··· DATASET EXTRACT
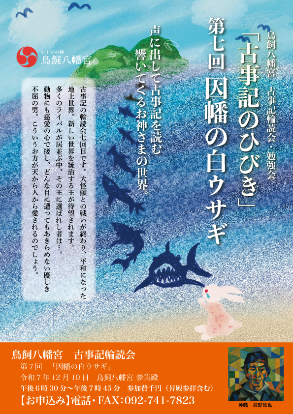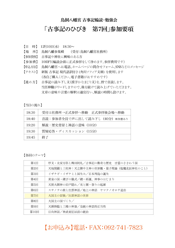 また、途中から参加された方で「最初から読みたい」という方や「土日なら参加できるのに」という方も多いので、1月31日(土)14時から『古事記輪読会(乙)第一回』を開催します。
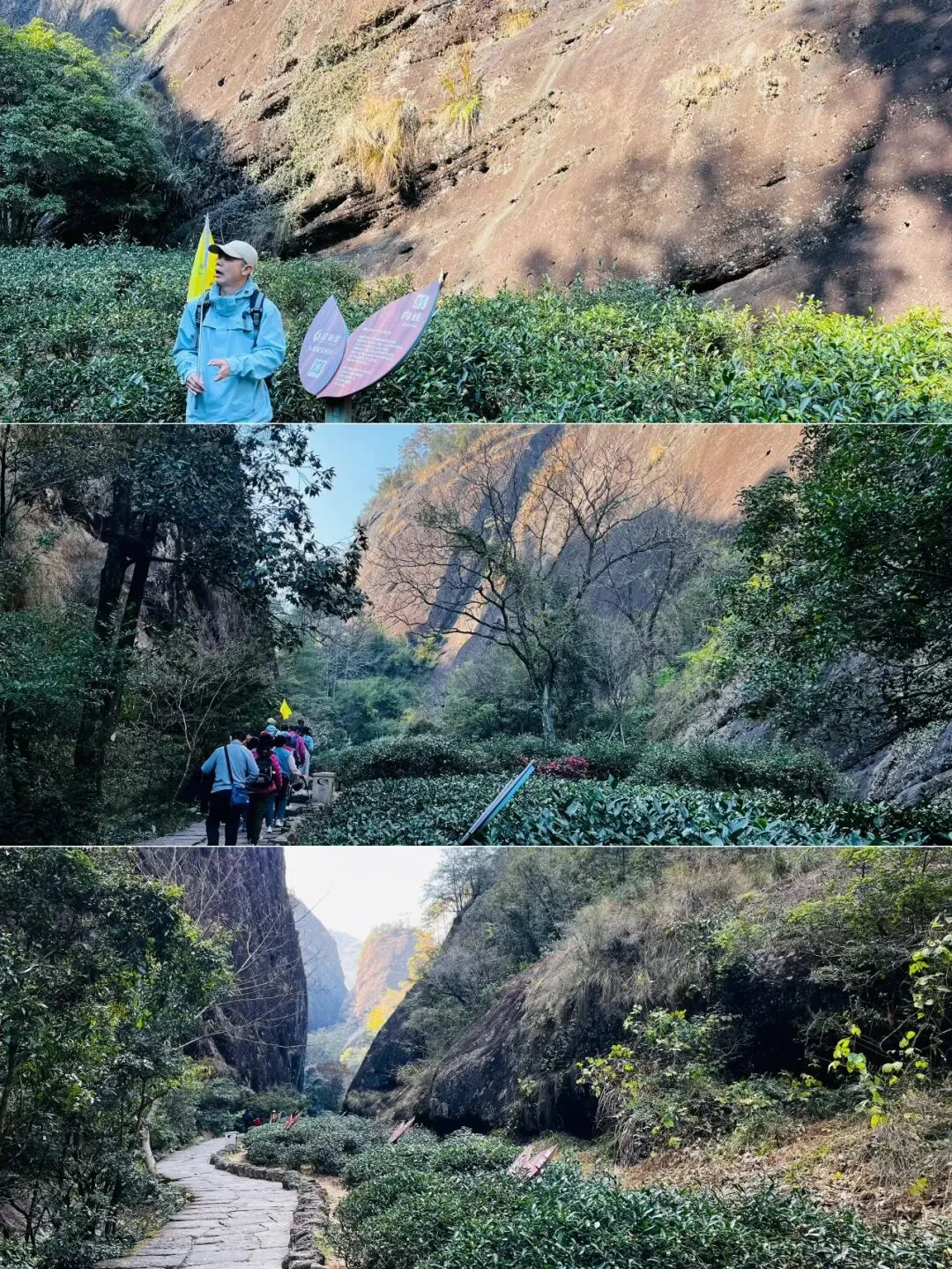 走过片片茶场,在途中有一处绝壁,刻有“岩韵”二字,可驻足片刻听听导游讲讲茶经,所谓岩韵,是为饮用岩茶后唇齿留香的感觉。
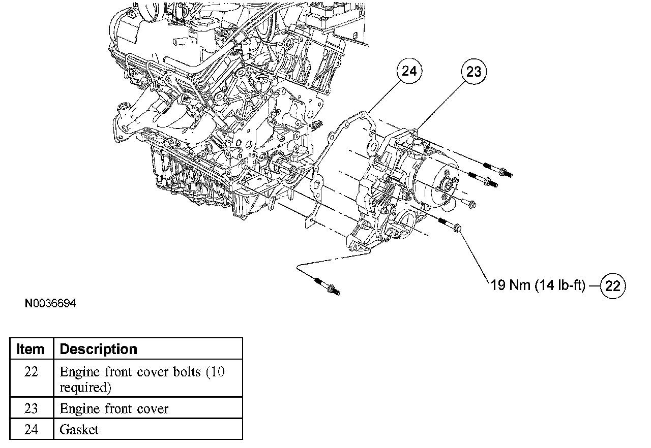 Remove the 10 bolts, the engine front cover and the gasket. Discard the gasket.
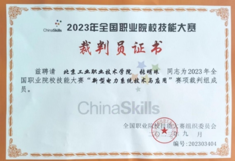 她发挥双师、双语优势,以坚实的博士理论基础及实操教学能力丰富个人的企业实践经历,2023年前往企业开展4期技术培训。2012年,她被公派前往明尼苏达大学访学,多年来践行了职业院校的双语教学;2017年,获批北京市教委“青年拔尖人才”项目,服务企业技术创新;2018年,在全国职业院校学生技能大赛中被教育部授予“优秀指导教师”荣誉称号;2021年,服务北京冬奥会延庆村场馆管理;2022年,担任施耐德电气(中国)/特聘技术专家、北京西城区数字化改造项目评审专家;2023年,担任全国机械行指委智能制造专执委专家委员、全国职业技能大赛新型电力系统技术与应用赛项裁判。
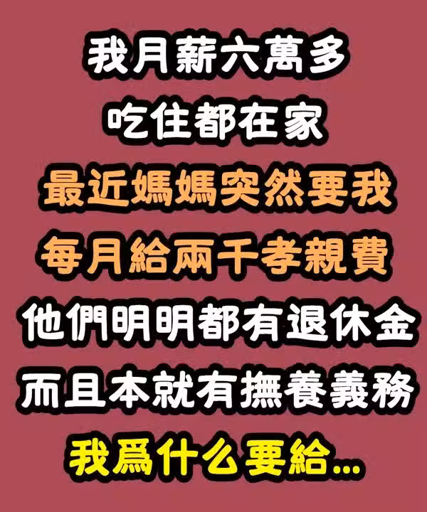 我月薪六萬多,吃住都在家,最近媽媽突然要我「每月給2千孝親費」他們明明都有退休金,而且本來就有撫養義務,我為什麼要給!
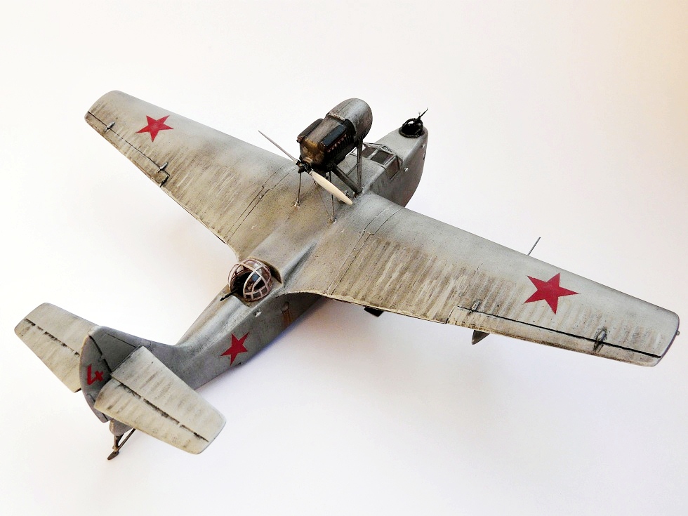 там у Вас какая то проблема с мотором, мотор там V образный а у вас на модели головка блока стоит так что как будто там два рядных мотора, и что это такое жёлтого цвета? ржавчина? так самолёт из фанеры.
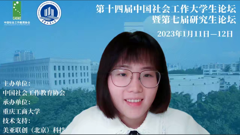 2023年1月11-12日,由中国社会工作教育协会主办、重庆工商大学承办的第十四届中国社会工作大学生论坛暨第七届研究生论坛在线上举行。来自全国90余所高校的300余名社会工作专业本专科生、研究生参加论坛。我校学生的12篇学术论文入选,共获得6个奖项。
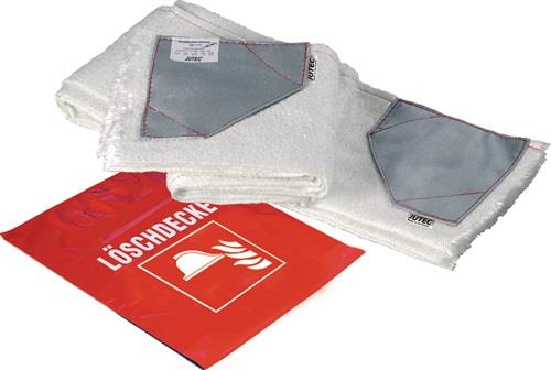aus texturiertem E-Glasgewebe mit seitlichen Grifftaschen auf der 1600-mm-Seite · verpackt in rotem Beutel · Schnittkanten gesäumt · Löschdecke nach DIN EN 1869
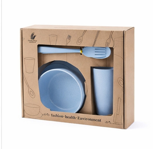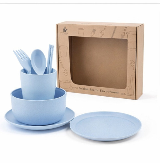يأتي الطقم داخل علبة كرتونية أنيقة ذات تصميم بسيط يعكس الطابع البيئي للمنتج، ما يجعله مناسبًا أيضًا كهدية. اللون الأزرق يعطي إحساسًا بالنظافة والهدوء، ويتناسق مع مختلف ديكورات المطبخ أو الرحلات الخارجية.
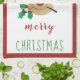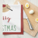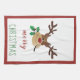Merry Christmas Cute Reindeer Mistletoe Red Green Tea Towel
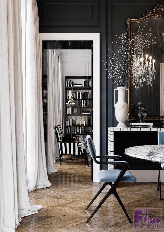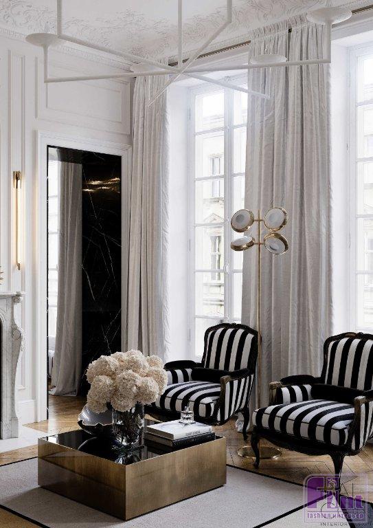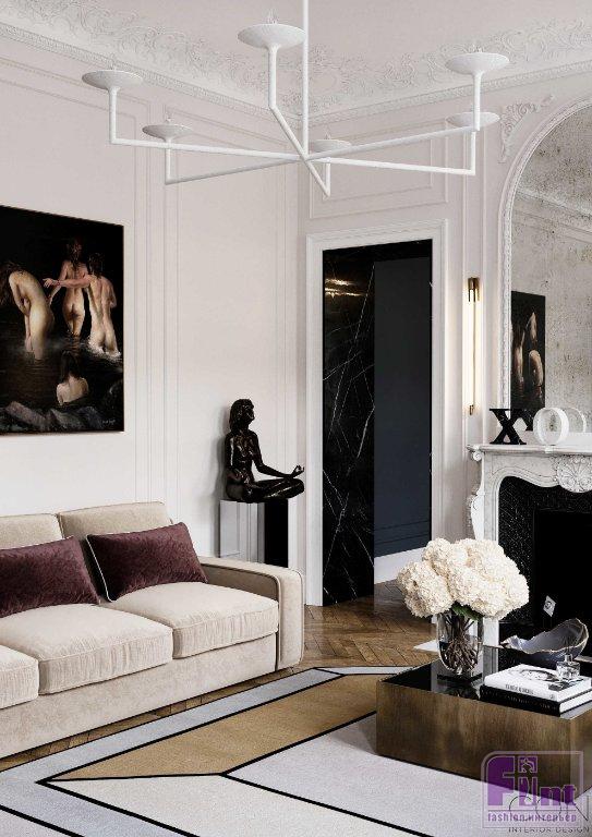 Дизайнеру Александру Козлову предстояло оформить апартаменты для заказчика, часто останавливающегося в Париже и нуждавшегося в пространстве для встреч с друзьями и бизнес-партнёрами. Как отметил автор проекта, вдохновение при работе над интерьером этой квартиры он черпал в работах признанных мэтров дизайна. Таким образом, в проекте можно найти отголоски творчества Jean Louis Deniot и Damien Langlois-Meurinne.
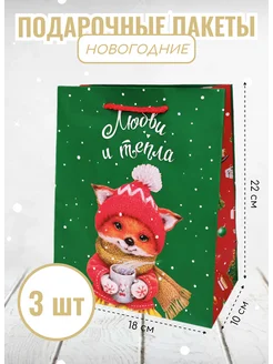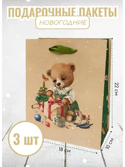 Подарочный новогодний крафтовый пакет с ручками, набор 3 шт
······
TASK DIRECTIONS - Transcribe each line above verbatim, with the pictures left out.

YOUR RESPONSE -
 また、途中から参加された方で「最初から読みたい」という方や「土日なら参加できるのに」という方も多いので、1月31日(土)14時から『古事記輪読会(乙)第一回』を開催します。
 走过片片茶场,在途中有一处绝壁,刻有“岩韵”二字,可驻足片刻听听导游讲讲茶经,所谓岩韵,是为饮用岩茶后唇齿留香的感觉。
 Remove the 10 bolts, the engine front cover and the gasket. Discard the gasket.
 她发挥双师、双语优势,以坚实的博士理论基础及实操教学能力丰富个人的企业实践经历,2023年前往企业开展4期技术培训。2012年,她被公派前往明尼苏达大学访学,多年来践行了职业院校的双语教学;2017年,获批北京市教委“青年拔尖人才”项目,服务企业技术创新;2018年,在全国职业院校学生技能大赛中被教育部授予“优秀指导教师”荣誉称号;2021年,服务北京冬奥会延庆村场馆管理;2022年,担任施耐德电气(中国)/特聘技术专家、北京西城区数字化改造项目评审专家;2023年,担任全国机械行指委智能制造专执委专家委员、全国职业技能大赛新型电力系统技术与应用赛项裁判。
 我月薪六萬多,吃住都在家,最近媽媽突然要我「每月給2千孝親費」他們明明都有退休金,而且本來就有撫養義務,我為什麼要給!
 там у Вас какая то проблема с мотором, мотор там V образный а у вас на модели головка блока стоит так что как будто там два рядных мотора, и что это такое жёлтого цвета? ржавчина? так самолёт из фанеры.
 2023年1月11-12日,由中国社会工作教育协会主办、重庆工商大学承办的第十四届中国社会工作大学生论坛暨第七届研究生论坛在线上举行。来自全国90余所高校的300余名社会工作专业本专科生、研究生参加论坛。我校学生的12篇学术论文入选,共获得6个奖项。
aus texturiertem E-Glasgewebe mit seitlichen Grifftaschen auf der 1600-mm-Seite · verpackt in rotem Beutel · Schnittkanten gesäumt · Löschdecke nach DIN EN 1869
يأتي الطقم داخل علبة كرتونية أنيقة ذات تصميم بسيط يعكس الطابع البيئي للمنتج، ما يجعله مناسبًا أيضًا كهدية. اللون الأزرق يعطي إحساسًا بالنظافة والهدوء، ويتناسق مع مختلف ديكورات المطبخ أو الرحلات الخارجية.
Merry Christmas Cute Reindeer Mistletoe Red Green Tea Towel
 Дизайнеру Александру Козлову предстояло оформить апартаменты для заказчика, часто останавливающегося в Париже и нуждавшегося в пространстве для встреч с друзьями и бизнес-партнёрами. Как отметил автор проекта, вдохновение при работе над интерьером этой квартиры он черпал в работах признанных мэтров дизайна. Таким образом, в проекте можно найти отголоски творчества Jean Louis Deniot и Damien Langlois-Meurinne.
 Подарочный новогодний крафтовый пакет с ручками, набор 3 шт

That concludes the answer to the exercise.